An Application of Basic Economics Concepts to Behavioural Economics

Using the articles by Quah, Soh and Tan (2017) ‘Why Thaler matters: A rational look at behavioral economics’ https://www.straitstimes.com/opinion/why-thaler-matters-a-rational-look-at-behavioural-economics and Khanna (2017) ‘Nudging companies to do the right thing’ https://www.straitstimes.com/opinion/nudging-companies-to-do-the-right-thing from The Straits Times as a starting point show how the economics concepts can be applied to a contemporary economics issue.
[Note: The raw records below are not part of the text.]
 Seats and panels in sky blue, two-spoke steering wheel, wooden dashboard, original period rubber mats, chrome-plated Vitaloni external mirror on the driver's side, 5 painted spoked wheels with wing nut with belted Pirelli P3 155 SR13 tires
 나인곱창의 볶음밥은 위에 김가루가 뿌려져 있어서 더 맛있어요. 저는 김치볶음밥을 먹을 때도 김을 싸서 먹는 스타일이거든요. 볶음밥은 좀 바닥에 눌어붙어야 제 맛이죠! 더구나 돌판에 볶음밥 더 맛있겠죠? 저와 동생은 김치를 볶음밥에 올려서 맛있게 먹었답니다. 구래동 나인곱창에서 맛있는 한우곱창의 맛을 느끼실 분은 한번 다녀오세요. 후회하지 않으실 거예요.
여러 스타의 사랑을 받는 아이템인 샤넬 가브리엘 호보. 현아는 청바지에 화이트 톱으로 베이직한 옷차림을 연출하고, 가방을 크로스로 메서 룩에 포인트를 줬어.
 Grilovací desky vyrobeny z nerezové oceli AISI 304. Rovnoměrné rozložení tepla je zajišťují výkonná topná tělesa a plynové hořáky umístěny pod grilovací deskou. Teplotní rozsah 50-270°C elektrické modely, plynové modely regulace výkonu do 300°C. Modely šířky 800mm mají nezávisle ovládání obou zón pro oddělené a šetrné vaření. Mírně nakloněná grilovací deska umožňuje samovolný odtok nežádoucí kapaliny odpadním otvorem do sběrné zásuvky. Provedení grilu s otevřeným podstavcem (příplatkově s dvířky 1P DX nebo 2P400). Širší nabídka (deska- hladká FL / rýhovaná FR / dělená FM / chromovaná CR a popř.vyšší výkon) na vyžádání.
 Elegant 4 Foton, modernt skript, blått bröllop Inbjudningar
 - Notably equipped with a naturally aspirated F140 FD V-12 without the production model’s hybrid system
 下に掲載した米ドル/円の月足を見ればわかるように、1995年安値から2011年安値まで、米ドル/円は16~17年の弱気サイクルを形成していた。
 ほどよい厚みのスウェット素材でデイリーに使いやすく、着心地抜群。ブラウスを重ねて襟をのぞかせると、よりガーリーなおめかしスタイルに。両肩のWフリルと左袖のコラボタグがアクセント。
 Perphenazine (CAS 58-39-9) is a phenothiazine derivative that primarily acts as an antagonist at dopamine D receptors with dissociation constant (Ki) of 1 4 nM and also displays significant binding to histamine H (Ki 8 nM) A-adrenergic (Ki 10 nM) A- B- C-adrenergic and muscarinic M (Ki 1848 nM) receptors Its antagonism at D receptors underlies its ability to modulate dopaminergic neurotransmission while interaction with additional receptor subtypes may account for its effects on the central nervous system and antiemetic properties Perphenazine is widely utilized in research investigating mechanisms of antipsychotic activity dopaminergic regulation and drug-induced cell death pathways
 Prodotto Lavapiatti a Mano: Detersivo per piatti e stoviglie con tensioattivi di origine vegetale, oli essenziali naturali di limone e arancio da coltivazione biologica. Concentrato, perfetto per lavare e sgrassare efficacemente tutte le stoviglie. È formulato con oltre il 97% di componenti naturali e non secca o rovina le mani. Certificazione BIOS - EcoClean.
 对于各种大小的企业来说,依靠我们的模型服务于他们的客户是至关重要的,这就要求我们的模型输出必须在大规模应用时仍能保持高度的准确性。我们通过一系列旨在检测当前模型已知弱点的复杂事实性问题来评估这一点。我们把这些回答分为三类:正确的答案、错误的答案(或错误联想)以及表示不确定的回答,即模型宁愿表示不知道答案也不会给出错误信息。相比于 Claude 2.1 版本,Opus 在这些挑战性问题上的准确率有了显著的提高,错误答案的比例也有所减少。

The following economics concepts may be considered in your analyses: • Axioms – you can question whether economic agents are always rational and consistent, is more always better than less or can you have too much of something, are consumers the perfectly rational utility-maximizing decision-makers, and bring in alternative concepts in behavioral economics. • Preferences / Indifference curves – you can discuss the intertemporal stability of preferences and bring in concepts of time inconsistency – self-control etc. • Marginal rate of substitution – you can question how economic agents value goods and services, and how the endowment effect can affect how individuals place value on things. • Budget constraint – you can extend the discussion to intertemporal choice, time value of money, etc. • Choice / Consumer equilibrium – you can discuss how framing, anchoring, bracketing can affect choice.